Зоя Ножникова - Загадочная Московия. Россия глазами иностранцев
На другую ночь мы подъехали к какой-то реке, тогда еще совсем не замерзшей. Это была граница. Я послал вперед одного из своих слуг с двумя собаками, подаренными мне великим князем. После полуночи от сильной стужи река покрылась таким льдом, что по нему перевели более десяти саней, да еще и груженых. Я велел выкатить на него свои тяжелые сани, а московит, со мной снова посланный к императору, — свои, и, хотя с помощью одних только слуг, мы быстро с ними переправились.
Я направился в Литву. Надлежащим количеством всего необходимого я запасся в Московии, гостиница же была литовская. Я вез с собой живых белок и горностая. Ночью у меня под кроватью горностай насмерть загрыз троих белок и выгрыз у них мясо на затылке».
Во второе посольство Герберштейна было то же самое:
«Принесли подарки. Именно: графу и мне дали каждому по шитому золотом платью, подбитому соболями, с широкими рукавами, просторными полами в противоположность покрою их платья. Наряду с золотым и собольим платьем государь добавил по два сорока собольих мехов, а горностаевых по триста и беличьих по полторы тысячи.

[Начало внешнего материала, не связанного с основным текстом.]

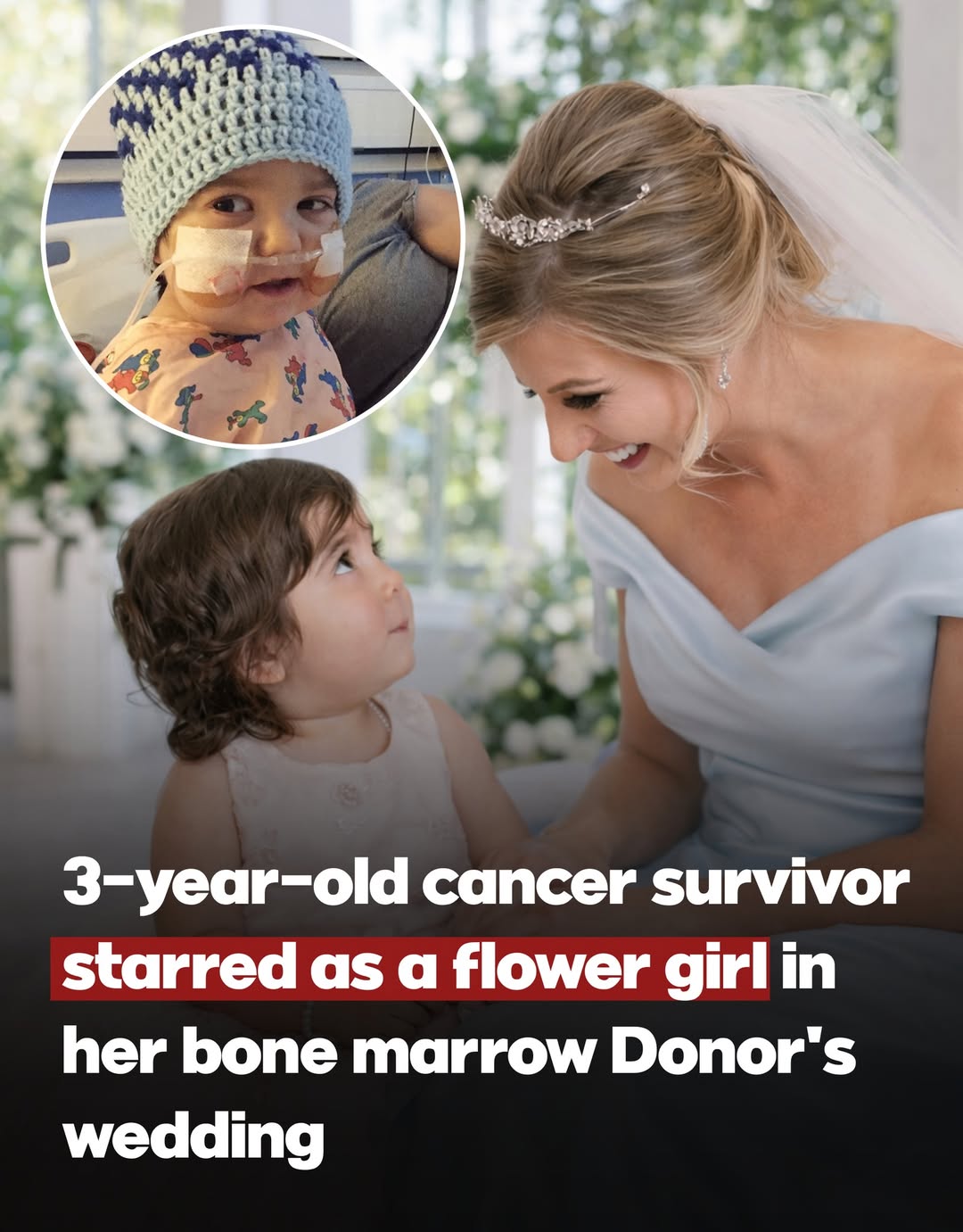 The story behind this photo stays with you long after you stop scrolling. At just three years old, a little girl survived cancer thanks to a life-saving bone marrow transplant from a donor she had never met. Months earlier, she had been in the hospital — wearing a knitted cap, connected to feeding tubes, fighting for her life. The transplant changed everything. Over time, the donor and the child’s family formed a deep bond. What began as a selfless medical decision became something far more personal. So when the donor got engaged, there was never any doubt about who would be her flower girl. On the wedding day, the same child who once lay in a hospital bed walked down the aisle in a white dress — healthy, smiling, and full of life. The photos went viral, not just because they were beautiful — but because they showed the power of one act of kindness. One donation. One saved life. And a stranger who became family.
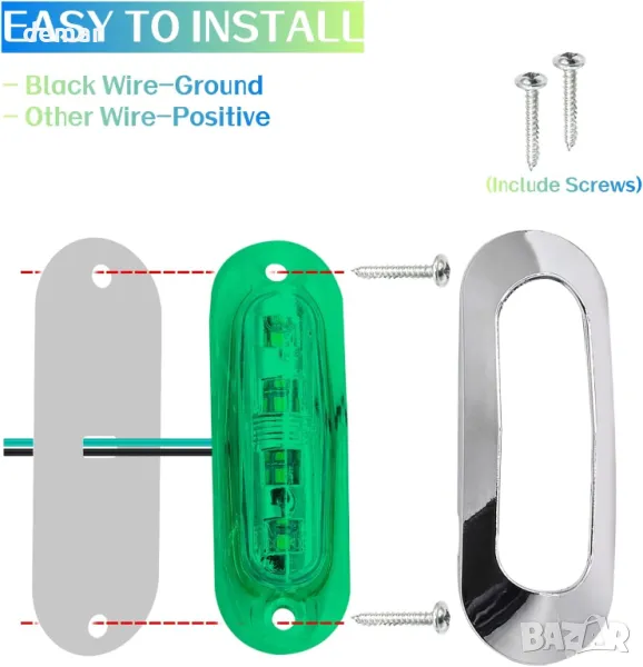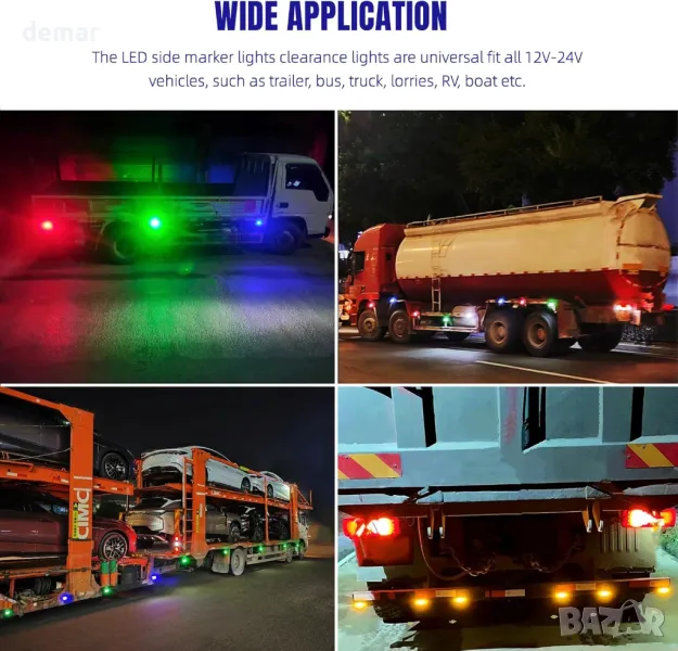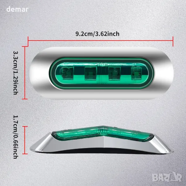 NWpangu 10 броя LED странични габаритни светлини, 4-LED, 12V/24V, зелени
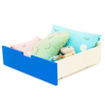 Для удобства хранения игрушек или постельных принадлежностей, вы можете приобрести еще вместительные ящики, которые устанавливаются под основание кровати. Многообразие цветов фасадов ящика позволяет скомплектовать разные варианты.

Наконец, он подарил мне много рыбьих балыков: белуги — она очень длинная и без костей; ее едят, не варя; осетра и стерляди — вяленых или копченых без дыма, просто на воздухе без соли, и отпустил меня весьма ласково».
* * *Подарки, полученные Горсеем, были описаны еще более красочно:
«Церемония последнего отъезда в Англию мистера Горсея достойна того, чтобы ее записать, так как это было очень почетно. К его услугам были почтовые лошади для него самого, его слуг, а также съестное и все необходимое для долгого путешествия.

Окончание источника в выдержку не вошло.